WebText2 expands upon OpenAI’s original WebText dataset.
The initial WebText dataset contained approximately 15 billion tokens and was instrumental in GPT-2’s training.
WebText2, slightly larger at 19 billion tokens, served as training data for both GPT-3 and GPT-3.5.
While OpenAI’s WebText2 remains private, an open-source alternative called OpenWebText2 exists. This public dataset employs similar crawling patterns, likely yielding comparable URL collections to OpenAI’s WebText2.
This information may interest those curious about WebText2’s contents. OpenWebText2 provides insight into the types of URLs included.
A refined version of OpenWebText2 is accessible through one link, while its unprocessed form can be found through another.
I haven’t been able to locate specific information regarding the user agent employed by either crawler, though it’s possible they simply identify as Python-based crawlers.
Therefore, to my knowledge, there isn’t a specific user agent to block, although I cannot state this with absolute certainty.
However, what we do know is that if your website receives a Reddit link with three or more upvotes, there’s a significant probability that your content has been incorporated into both OpenAI’s proprietary WebText2 dataset and its open-source counterpart, OpenWebText2.
For additional details about OpenWebText2, you can refer to this resource.
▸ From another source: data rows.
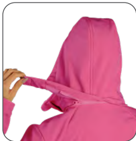
odepínací kapuce odnímateľná kapucňa detachable hood odpinany kaptur
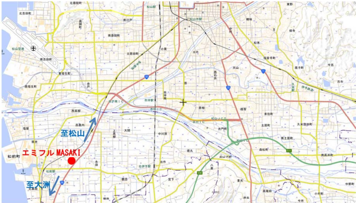
この地図は国土地理院の地理院地図に加筆したものである
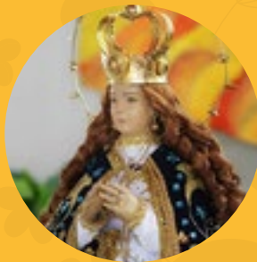
Nuestra Señora de Caacupé
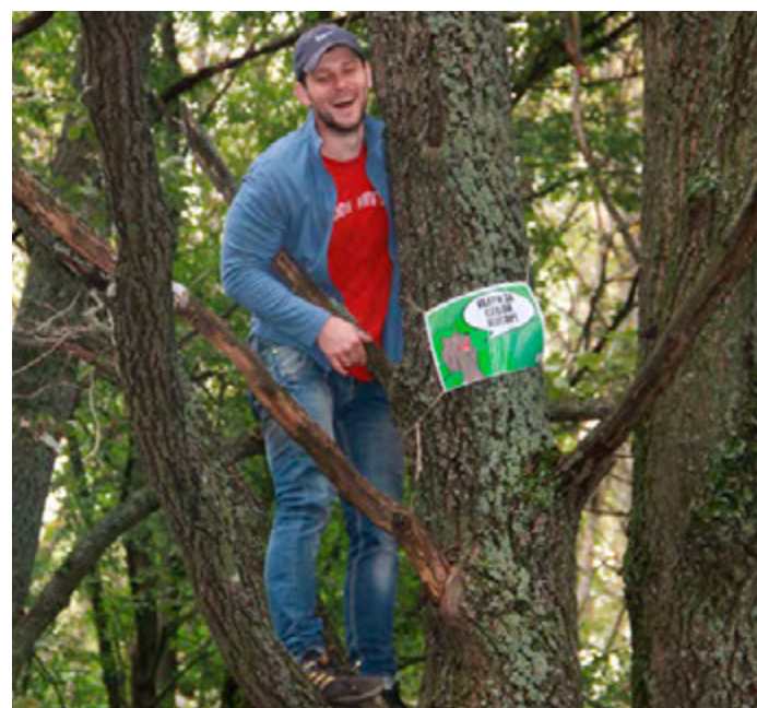
Мемы крепятся выше человеческого роста и на веревочках, чтобы не повредить деревья

Ж елезногорские активисты стали первыми в нашей области, кто выбрал такой нестандартный подход к борьбе с мусором на природе. Что же такое #МемыВЛес? Это уборки зеленых территорий от мусора с применением креативной соцрекламы в стиле интернет-мемов. Акция реализуется проектом #РосЭко общественной организации «Лига здоровья нации», находящейся под патронажем Лео Бокерии. На страницах «Курской руды» мы поднимали тему замусоренности лесов, связывались с представителями администрации, где нам посоветовали «взять и самим убрать»... Что ж, дело сделано! Мы связались с «роскозовцами» и организовали креативный субботник совместно с участниками соцпроектов
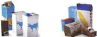
Briques alimentaires aplaties
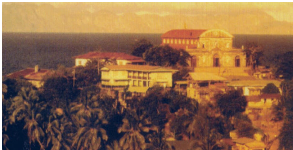
L'Eglise de Culion et ses alentours
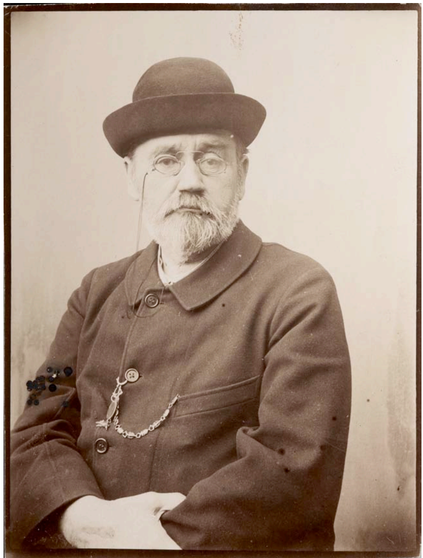
Emile Zola, Autoportrait , photographie originale, tirage argentique d'époque, vers 1896-1897, provenant de la Famille Zola, Est : 1000-1500 €
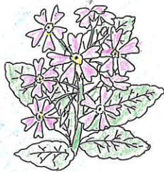
埼玉県の花 さくらそう

さいたま市田島ヶ原の自生地は今も昔ながらの面影を残し、国の特別天然記念物に指定されています。
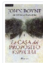
CASA DEL PROPOSITO ESPECIAL BOYNE
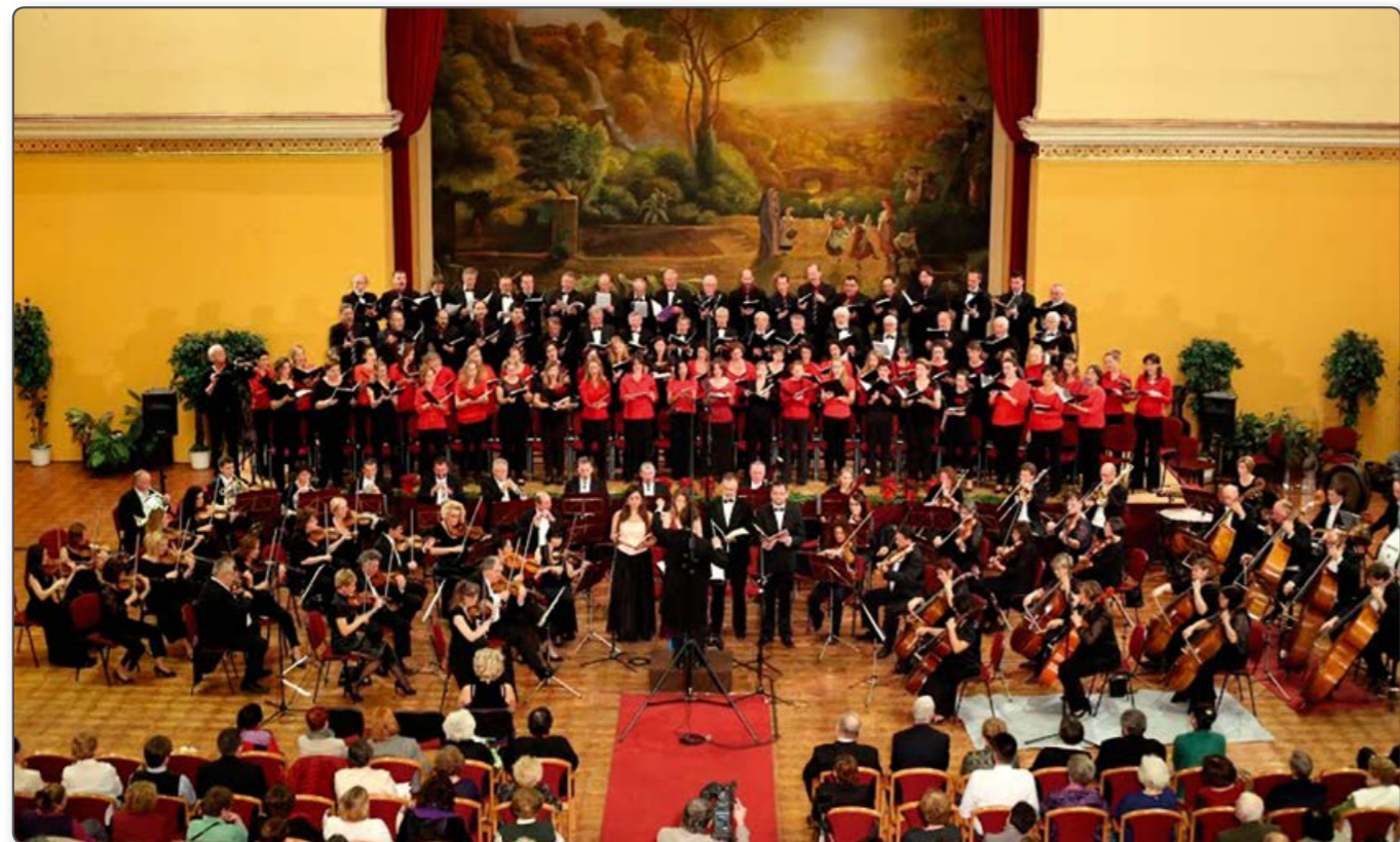
Kodály Zoltán VII. Magyar Kórusverseny nyitóhangversenye, 2015. november 19. Budapesti Olasz Intézet

A KÓTA szakbizottságai közül az 1990-es átalakulás óta az Ifjúsági és Zenepedagógiai Bizottságnak különlegesen fontos szerepe volt. A jövő kulturált társadalmának felnevelése, ízlésének, igényeinek kialakítása, kreativitásának fejlesztése az iskolában történik. Eppen ezért a KÓTA 14 tagú, különféle iskolatípusokat képviselő Ifjúsági Szakbizottsága naprakész információkkal, az illetékesekkel való kapcsolatok kiépítésével, és folyamatos munkával igyekszik az iskolai tanítás,
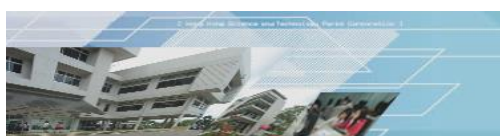
ภาพที่ 1 แบบประเมินคุณภาพการให้บริการบริการห้องสมุดมนุษย Human Library
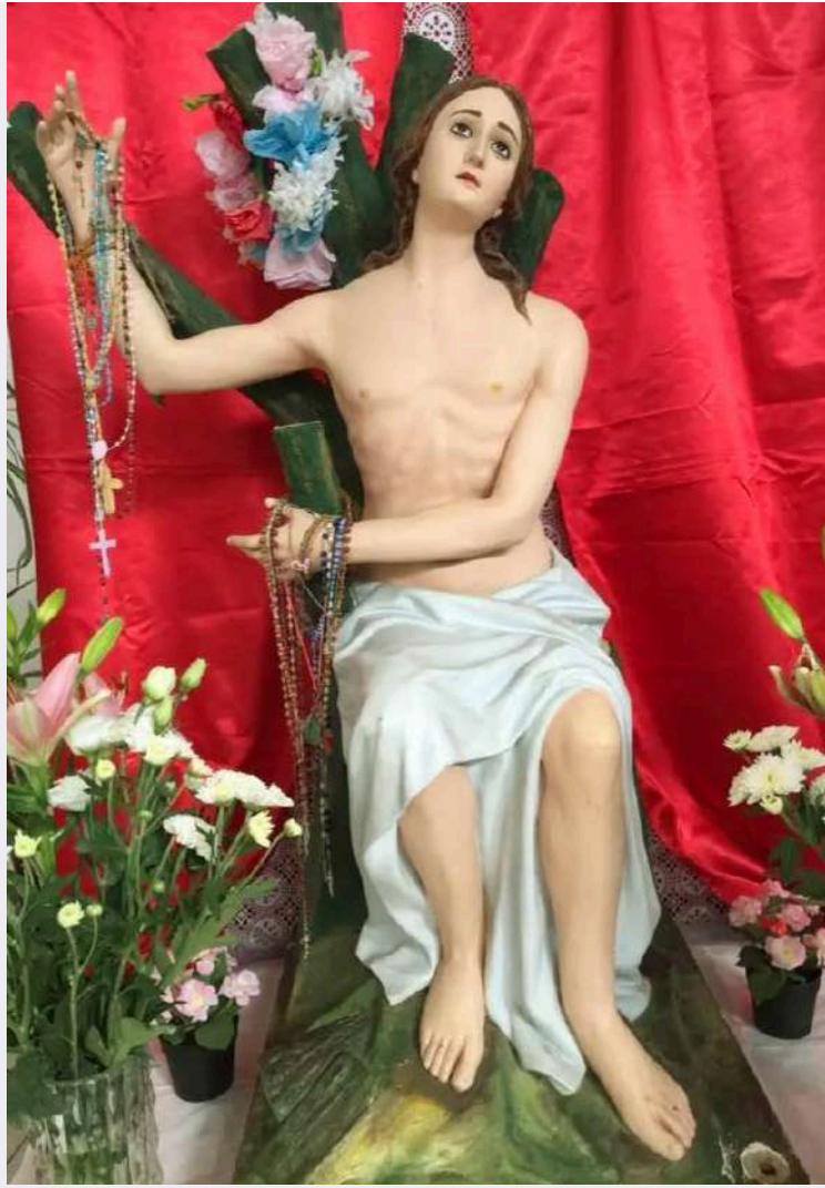
San Pantaleone particolare.jpg
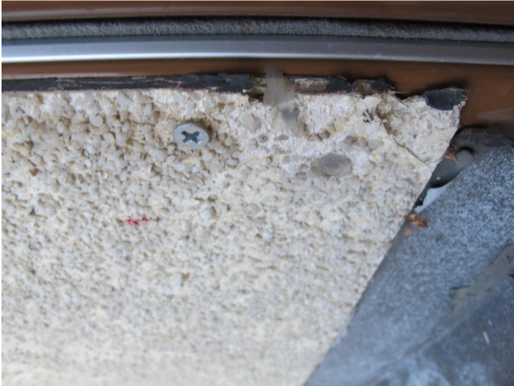
LP_2015_00051 Fasaden täcks på några ställen av tunna fiberisoleringsplattor som liknar en ballastputsad fasad.
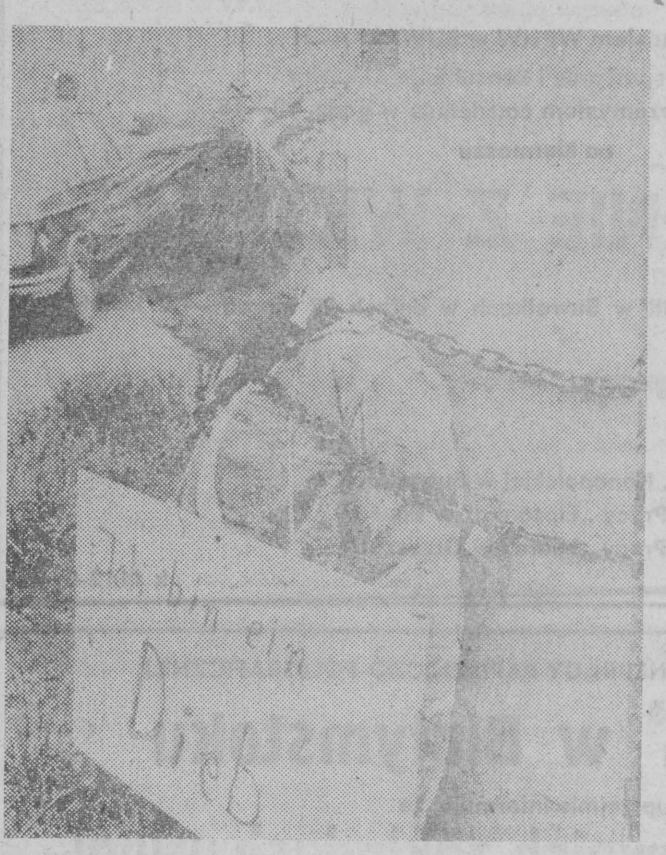
„Jestem złodziejem” — metody wychowywania dzieci w RFN...
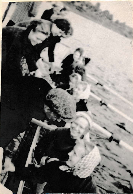
Fotomälestus 1957. a. suvehooajast.
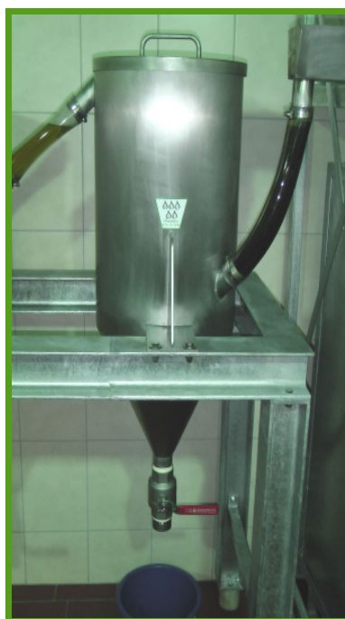
4 x 60 l sedymentacji w stali szlachetnej
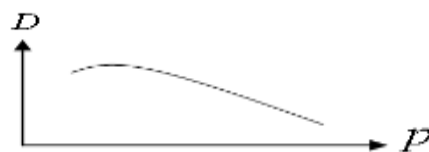
نمودار ۴. تحلیل حساسیت تقاضای گردشگری نسبت به سطح قیمت ها

اگر سطح قیمت ها از مقدار پایه یعنی ۱/۹۱۱ به ۲/۹۱۱ برسد تعداد گردشگران از ۲/۷۹ به ۱/۴۲ کاهش می یابد.

Among the most extensively utilized Internet content datasets is the Common Crawl collection, maintained by a non-profit organization bearing the same name.
Common Crawl’s data is accumulated through an automated bot that systematically traverses the Internet.
Organizations interested in utilizing this data download and subsequently process it, removing low-quality and spam content.
The crawler responsible for gathering Common Crawl data is designated as CCBot.
CCBot adheres to the robots.txt protocol, enabling website owners to prevent Common Crawl from accessing their content and subsequently including it in future datasets.
However, if your website has previously been crawled, it’s probable that your content already exists within various datasets.
Nonetheless, implementing Common Crawl blocking measures can prevent your website’s content from being included in future datasets derived from newer Common Crawl collections.
This explains my earlier statement at the article’s beginning about the process being “neither straightforward nor guaranteed to work.”
The CCBot User-Agent string is:
CCBot/2.0
To block the Common Crawl bot, add these lines to your robots.txt file:
User-agent: CCBot
Disallow: /
You can verify legitimate CCBot activity by confirming that crawling originates from Amazon AWS IP addresses.
CCBot also respects nofollow directives in robots meta tags.
Implement this robots meta tag:
Various datasets, including Common Crawl, are potentially utilized by companies that analyze and categorize URLs for advertising purposes.
For instance, Alpha Quantum provides a URL dataset categorized according to the Interactive Advertising Bureau Taxonomy, valuable for AdTech marketing and contextual advertising. Being excluded from such databases might result in publishers missing potential advertising opportunities.
While search engines and Common Crawl provide opt-out mechanisms for crawling, there’s currently no method to remove website content from existing datasets.
Additionally, it appears that research scientists haven’t established protocols allowing website publishers to opt out of their crawling activities.
The article, Is ChatGPT Use Of Web Content Fair? delves into the ethical implications of utilizing website data without explicit consent or providing an opt-out mechanism.
In the coming months, content publishers might benefit from having greater control over how their digital assets are utilized, particularly by artificial intelligence platforms such as ChatGPT.
The future trajectory of this development remains uncertain at present.